EXERCISE DATA

——

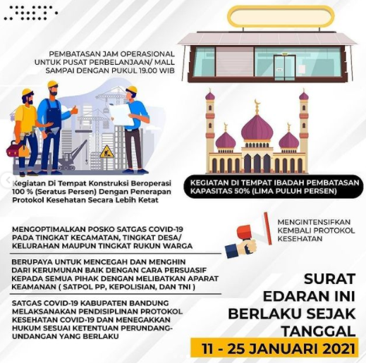 ESQNews.id, JAKARTA - Pemkab Bandung telah mengeluarkan Surat Edaran PPKM, untuk menindaklanjuti Instruksi Mendagri Nomor 1 Tahun 2021 Tentang Pemberlakuan Pembatasan Kegiatan Masyarakat (PPKM) untuk Pengendalian Penyebaran Covid-19 di Wilayah Kabupaten Bandung.
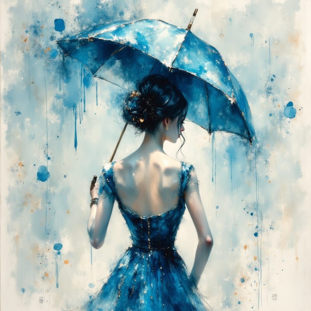 This image showcases a woman holding a blue umbrella, rendered with bold palette knife strokes. The artwork features a serene palette of light cyan, gray, dark blues, and gold, evoking timeless elegance.
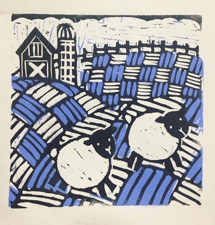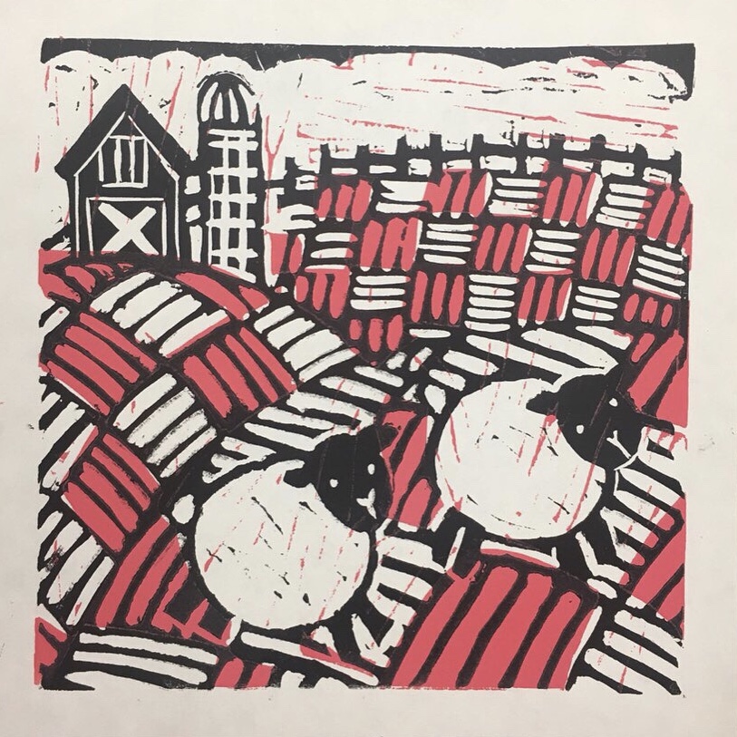To add the colors to the print I had to carve another block, leaving the areas where I wanted there to be color, and print it on the paper before my block with the sheep. I have to be honest, it was quite tricky to line the two blocks up perfectly, something I wasn’t able to achieve with this project. I am, however, very happy with how these turned out in the end!
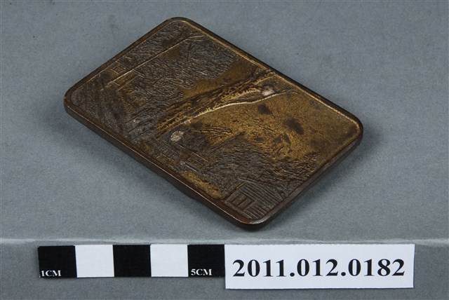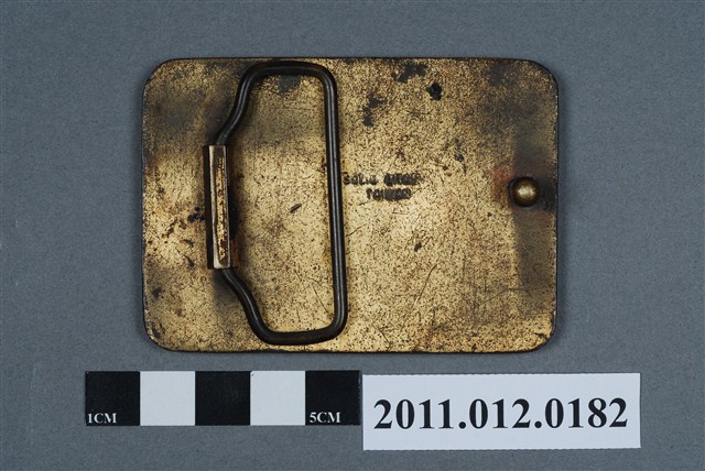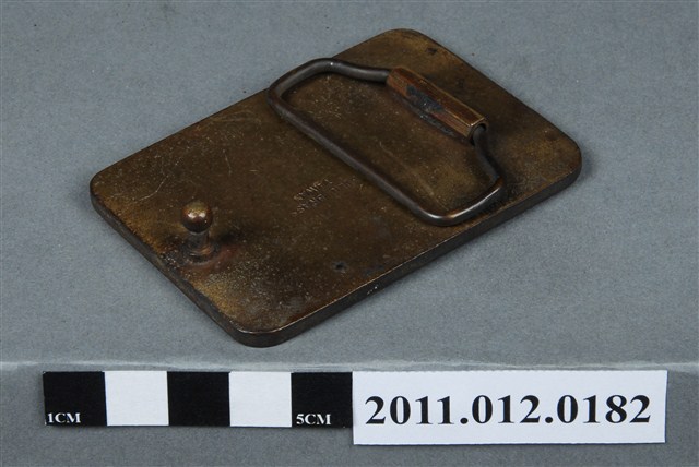 本物件為黃銅皮帶頭,正面有山林樹木(似為阿里山神木)及火車圖樣,背面刻有「SOLID BRASS」、「TAIWAN」等字樣,SOLID BRASS為「堅固的黃銅」之意,材質可能為黃銅,但無法確定製造地與年代。

——

THE PROBLEM
Any images must be dropped; all other material is to be printed exactly.

RESPONSE BELOW
 ESQNews.id, JAKARTA - Pemkab Bandung telah mengeluarkan Surat Edaran PPKM, untuk menindaklanjuti Instruksi Mendagri Nomor 1 Tahun 2021 Tentang Pemberlakuan Pembatasan Kegiatan Masyarakat (PPKM) untuk Pengendalian Penyebaran Covid-19 di Wilayah Kabupaten Bandung.
 This image showcases a woman holding a blue umbrella, rendered with bold palette knife strokes. The artwork features a serene palette of light cyan, gray, dark blues, and gold, evoking timeless elegance.
To add the colors to the print I had to carve another block, leaving the areas where I wanted there to be color, and print it on the paper before my block with the sheep. I have to be honest, it was quite tricky to line the two blocks up perfectly, something I wasn’t able to achieve with this project. I am, however, very happy with how these turned out in the end!
 本物件為黃銅皮帶頭,正面有山林樹木(似為阿里山神木)及火車圖樣,背面刻有「SOLID BRASS」、「TAIWAN」等字樣,SOLID BRASS為「堅固的黃銅」之意,材質可能為黃銅,但無法確定製造地與年代。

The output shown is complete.